### WORK REQUEST
Among the entries below, one stretch runs from the line that contains "2024最新在地推薦餐廳的菜單_陳記豬肝湯(仁愛醫院豬肝湯)的菜單、圖片" through the line that contains "기존의 My 구독팀의". Repeat that stretch exactly, ends included, and only that.

### GIVEN INFORMATION
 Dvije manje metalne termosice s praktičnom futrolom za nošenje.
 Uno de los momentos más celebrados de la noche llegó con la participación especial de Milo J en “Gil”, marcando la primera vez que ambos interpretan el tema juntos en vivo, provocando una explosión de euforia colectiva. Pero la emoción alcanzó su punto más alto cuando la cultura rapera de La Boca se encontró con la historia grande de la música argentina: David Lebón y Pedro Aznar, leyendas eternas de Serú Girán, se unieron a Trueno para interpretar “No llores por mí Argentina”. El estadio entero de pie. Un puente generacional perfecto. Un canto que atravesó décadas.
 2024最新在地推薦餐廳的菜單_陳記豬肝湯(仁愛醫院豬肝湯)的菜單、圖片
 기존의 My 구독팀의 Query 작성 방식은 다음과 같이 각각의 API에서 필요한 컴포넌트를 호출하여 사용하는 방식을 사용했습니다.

* * *

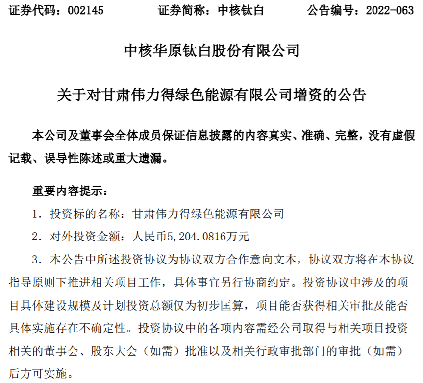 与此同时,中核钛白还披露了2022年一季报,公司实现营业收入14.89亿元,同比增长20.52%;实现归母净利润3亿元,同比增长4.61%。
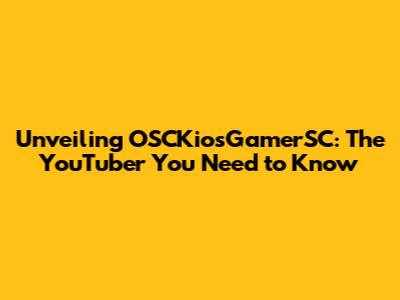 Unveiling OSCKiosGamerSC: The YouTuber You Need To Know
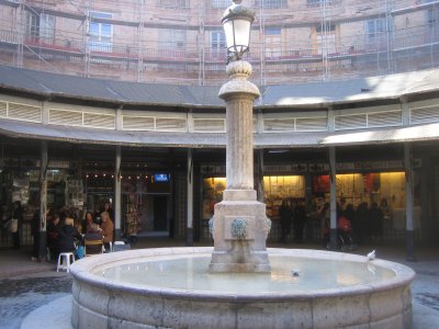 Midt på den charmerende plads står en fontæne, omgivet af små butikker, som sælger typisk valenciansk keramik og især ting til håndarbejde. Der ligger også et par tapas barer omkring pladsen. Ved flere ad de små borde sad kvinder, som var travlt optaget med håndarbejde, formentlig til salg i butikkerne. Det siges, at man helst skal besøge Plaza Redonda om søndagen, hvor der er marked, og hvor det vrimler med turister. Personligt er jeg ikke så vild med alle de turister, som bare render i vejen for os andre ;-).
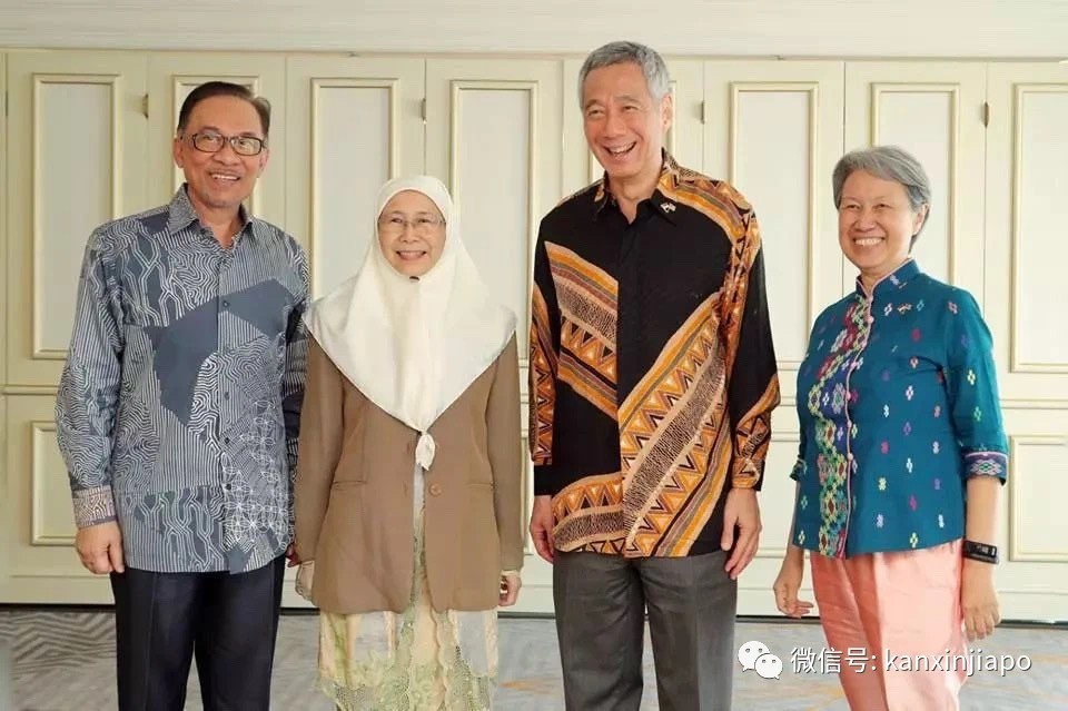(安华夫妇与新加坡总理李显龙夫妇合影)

### THE ANSWER
 2024最新在地推薦餐廳的菜單_陳記豬肝湯(仁愛醫院豬肝湯)的菜單、圖片
 기존의 My 구독팀의 Query 작성 방식은 다음과 같이 각각의 API에서 필요한 컴포넌트를 호출하여 사용하는 방식을 사용했습니다.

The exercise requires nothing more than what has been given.